Santiago llegó después de nueve meses, como era de esperarse cuando de un embarazo se trata. Ante tanta espera, estuvimos acompañando a Ana y a Pascual en el asunto, ya no como espectadores, sino como veedores certificados con sello de calidad Norven. Pero, de ahí a esperar ser padrino por ello, pues ni tanto.

Finalmente, me cayó de sorpresa la idea de serlo y debo reconocer que me agradó bastante, precisamente porque si ya había un vínculo poderoso entre lo pasado, era muy interesante afianzarlo hacia el futuro. De esas cosas no se hablan, pero se sabe… Lo sabe uno que mi relación con mis padrinos ha sido sumamente efímera, con sus temporalidades pasajeras excepcionales. Ya la experiencia me había dado la oportunidad de ser el padrino de Eliani, pero debo aceptar que en cualquiera de los casos, no sé como manejarlo… pero lo hago… no mejor que mis padrinos, pero lo sigo intentando.

Pero crecen demasiado rápido.

El chiquitico de hace dos meses es un hombrecito que se estira más rápido de largo a más largote de lo que ya era. Su carita se madura, sus manitos también. me cuesta cargarlo, pero cuando lo hago me cuesta soltarlo. Me cuesta entender que es una delicada criatura, porque sigue siendo un bebe, pero por dentro tiene algo, debe ser el carácter, o la fortaleza, o el alma, o la energía, ¡qué se yo!, lo único que sé es que pronto le va a quitar el carro a la mamá si se descuida.

Eliani es el ejemplo que reafirma aquella promesa que hice y que significa eso de lanzar las flechas más alto, porque más lejos caen. Sin embargo, ella es un ejemplo que indica que la vida no es más que eso que te ponen en el camino, y no dudo, que cada cosa que la vida le ponga, tengo, debo y quiero apoyarla.

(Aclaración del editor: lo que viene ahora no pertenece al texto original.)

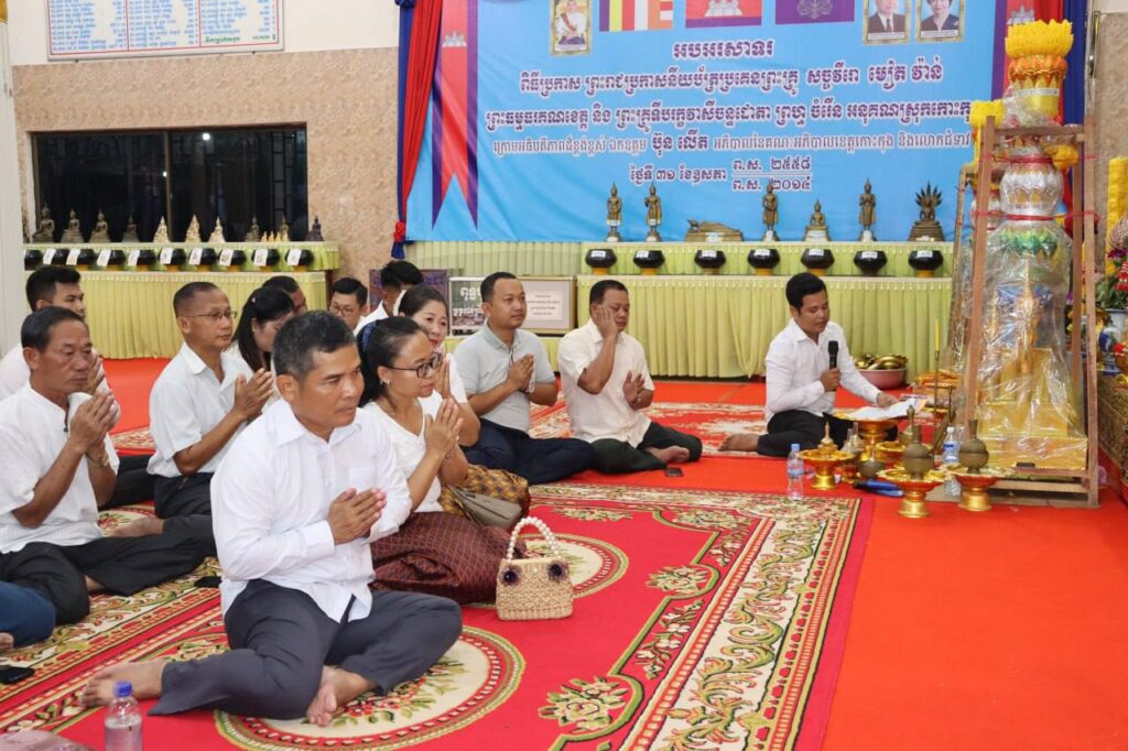 លោកឧត្តមសេនីយ៍ត្រី ជួន សុភ័ក្រ មេបញ្ជាការតំបន់ប្រតិបត្តិការសឹករងកោះកុង និងលោកស្រី បានដឹកនាំសហការីក្រោមឱវាទ ចូលរួម ក្នុងពិធីសូត្រមន្ត នាឱកាសវេនកាន់បិណ្ឌវេនទី១៣ នៅទីអារាមវត្តអម្ពរទិយារ៉ាម ហៅវត្តព្រែកស្វាយ ស្ថិតនៅភូមិព្រែកស្វាយ សង្កាត់ស្ទឹងវែង ក្រុងខេមរភូមិន្ទ ខេត្តកោះកុង ។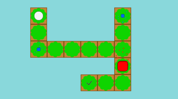 In the above GIF, the grey box represents a Stone, the pink circle represents a Bomb, and the darkened tile after the bomb is gone represents a Dirt Tile (or ditch). In this simple level, the player is moving to increase the fire, which spreads to the bomb tile, and explodes to destroy the stone. The bomb tile then becomes a Dirt tile, which prevents fire spreading like the water, but is not temporary. Now, the fire is actually useful for something and is essential for progressing to the next level!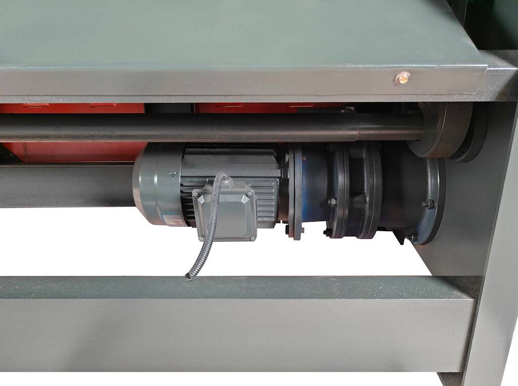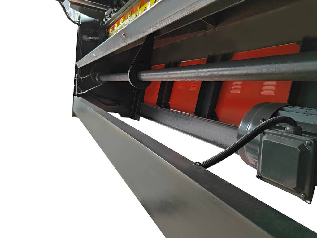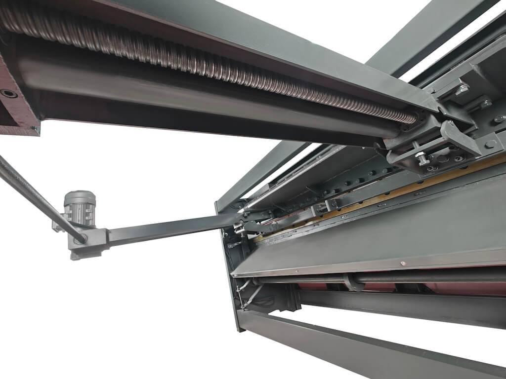 Приводной вал расположен под рабочим столом гильотины. Это обеспечивает компактную конструкцию и плавную работу станка.

Cómo se quiere a alguien que no tiene nada que ver con uno, pero que uno ve crecer, que te pide la bendición cariñosa y te abraza inocente. Como se quiere a un niño que llora y zurra y a la bisconvexa, pero que pronto le gustarán los carritos, los legos y el Playstation, que le gustará el Barcelona como el pae y el padrino y odiará el béisbol como se odia esos orígenes tercermundistas y malcerveceros como yo… Cómo se quiere a una niña que con todo el corazón le brillan los ojos de travesura. Como se quiere a un niño que sabes que por genética será un peligro a los 15 cuando le robe el carro a la madre para ir a buscar niñas al Cristo Rey y que tendré que salir a defender, porque ese es el compromiso…

Y me respondo, como siempre me respondo con estas cosas: “Con paciencia, Marco González, con paciencia”.